▶ Material provided:
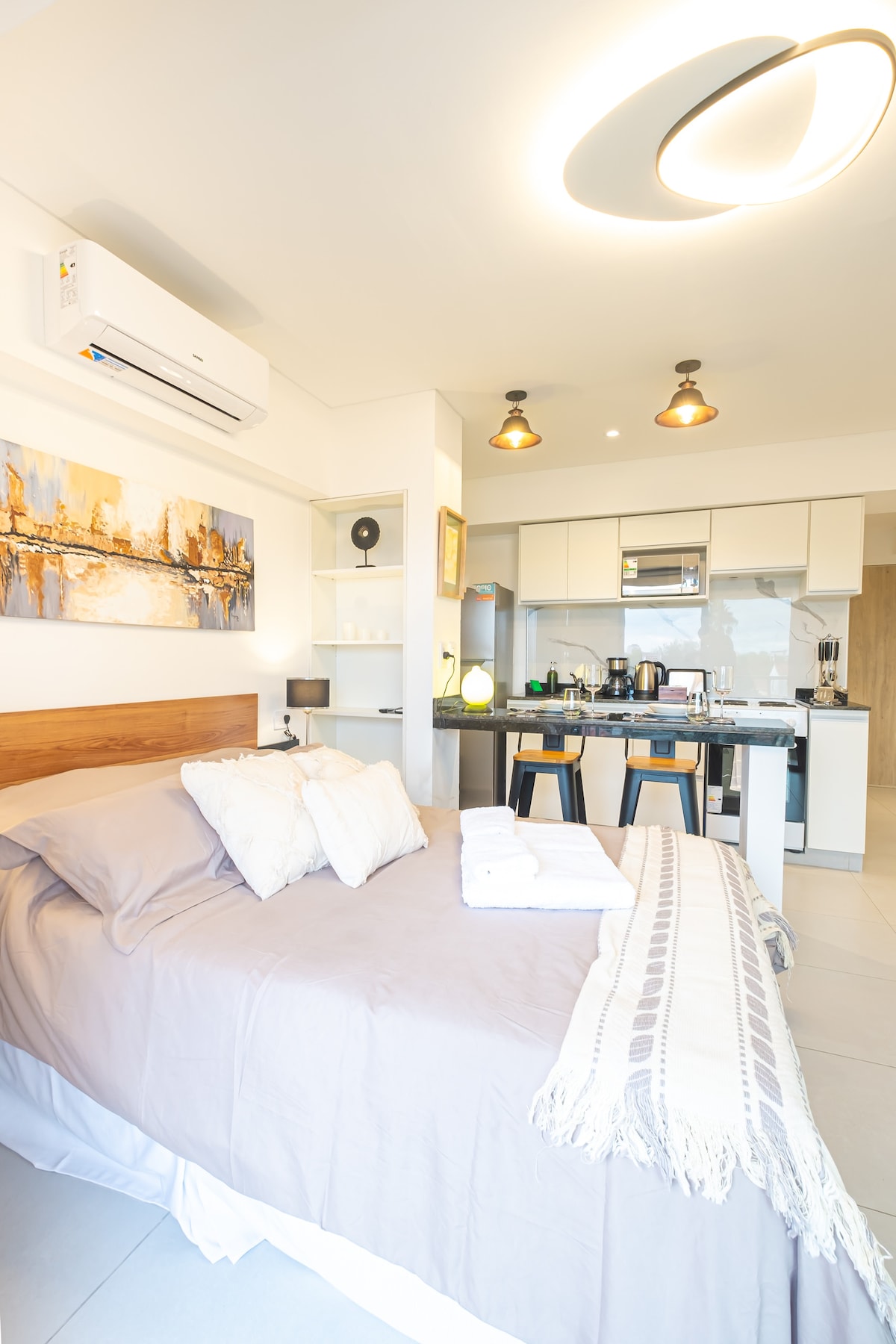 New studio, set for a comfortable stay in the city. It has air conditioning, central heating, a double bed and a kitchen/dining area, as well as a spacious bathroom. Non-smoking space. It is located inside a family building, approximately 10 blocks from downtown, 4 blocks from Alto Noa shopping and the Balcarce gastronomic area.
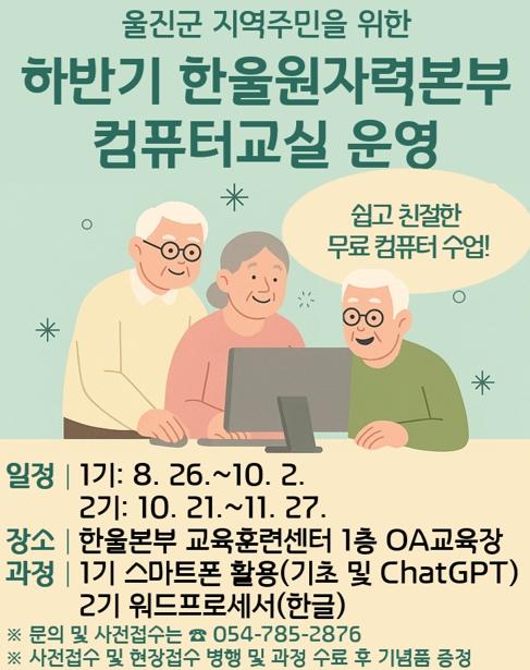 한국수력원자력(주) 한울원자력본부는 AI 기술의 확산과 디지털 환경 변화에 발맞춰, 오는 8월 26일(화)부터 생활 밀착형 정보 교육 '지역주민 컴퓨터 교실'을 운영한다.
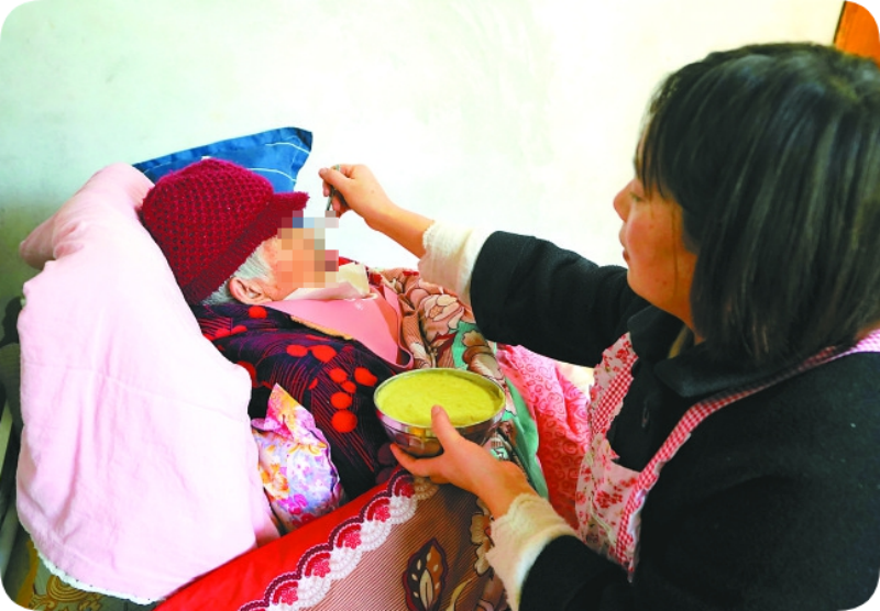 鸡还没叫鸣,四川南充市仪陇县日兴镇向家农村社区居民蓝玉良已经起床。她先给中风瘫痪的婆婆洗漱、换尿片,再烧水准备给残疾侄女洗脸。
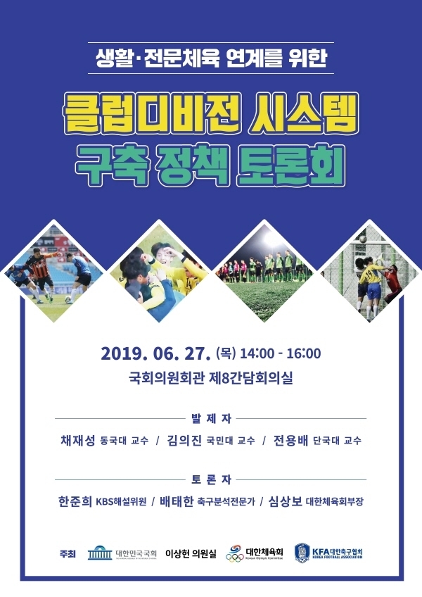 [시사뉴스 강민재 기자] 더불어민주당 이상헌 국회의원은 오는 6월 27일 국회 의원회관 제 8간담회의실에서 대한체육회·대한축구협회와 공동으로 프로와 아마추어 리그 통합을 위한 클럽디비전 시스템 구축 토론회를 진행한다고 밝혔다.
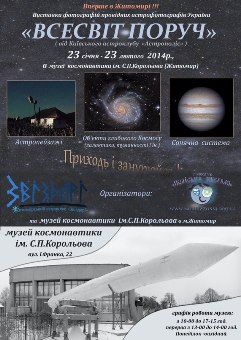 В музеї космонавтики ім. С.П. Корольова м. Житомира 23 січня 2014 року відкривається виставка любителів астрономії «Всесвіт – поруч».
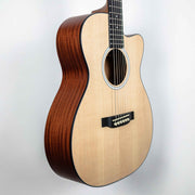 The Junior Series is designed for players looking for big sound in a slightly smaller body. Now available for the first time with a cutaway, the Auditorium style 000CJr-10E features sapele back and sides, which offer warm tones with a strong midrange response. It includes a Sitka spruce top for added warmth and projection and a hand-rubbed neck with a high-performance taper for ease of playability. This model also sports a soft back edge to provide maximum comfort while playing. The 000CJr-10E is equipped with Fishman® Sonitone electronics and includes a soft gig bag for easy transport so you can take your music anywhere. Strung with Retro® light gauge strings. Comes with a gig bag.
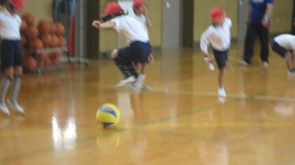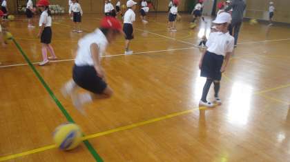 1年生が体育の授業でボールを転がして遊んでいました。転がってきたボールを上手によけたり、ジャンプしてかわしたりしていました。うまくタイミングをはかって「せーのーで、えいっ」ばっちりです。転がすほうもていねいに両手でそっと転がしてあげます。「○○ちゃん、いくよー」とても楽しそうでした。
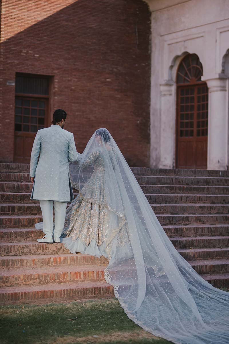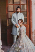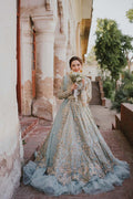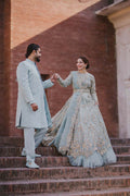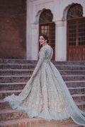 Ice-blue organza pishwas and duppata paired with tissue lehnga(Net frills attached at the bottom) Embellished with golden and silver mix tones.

▶ Task details:
Nothing but the lines from the one containing "1年生が体育の授業でボールを" through the last line of the listing should be copied, each word for word and without pictures.

▶ Written response:
 1年生が体育の授業でボールを転がして遊んでいました。転がってきたボールを上手によけたり、ジャンプしてかわしたりしていました。うまくタイミングをはかって「せーのーで、えいっ」ばっちりです。転がすほうもていねいに両手でそっと転がしてあげます。「○○ちゃん、いくよー」とても楽しそうでした。
 Ice-blue organza pishwas and duppata paired with tissue lehnga(Net frills attached at the bottom) Embellished with golden and silver mix tones.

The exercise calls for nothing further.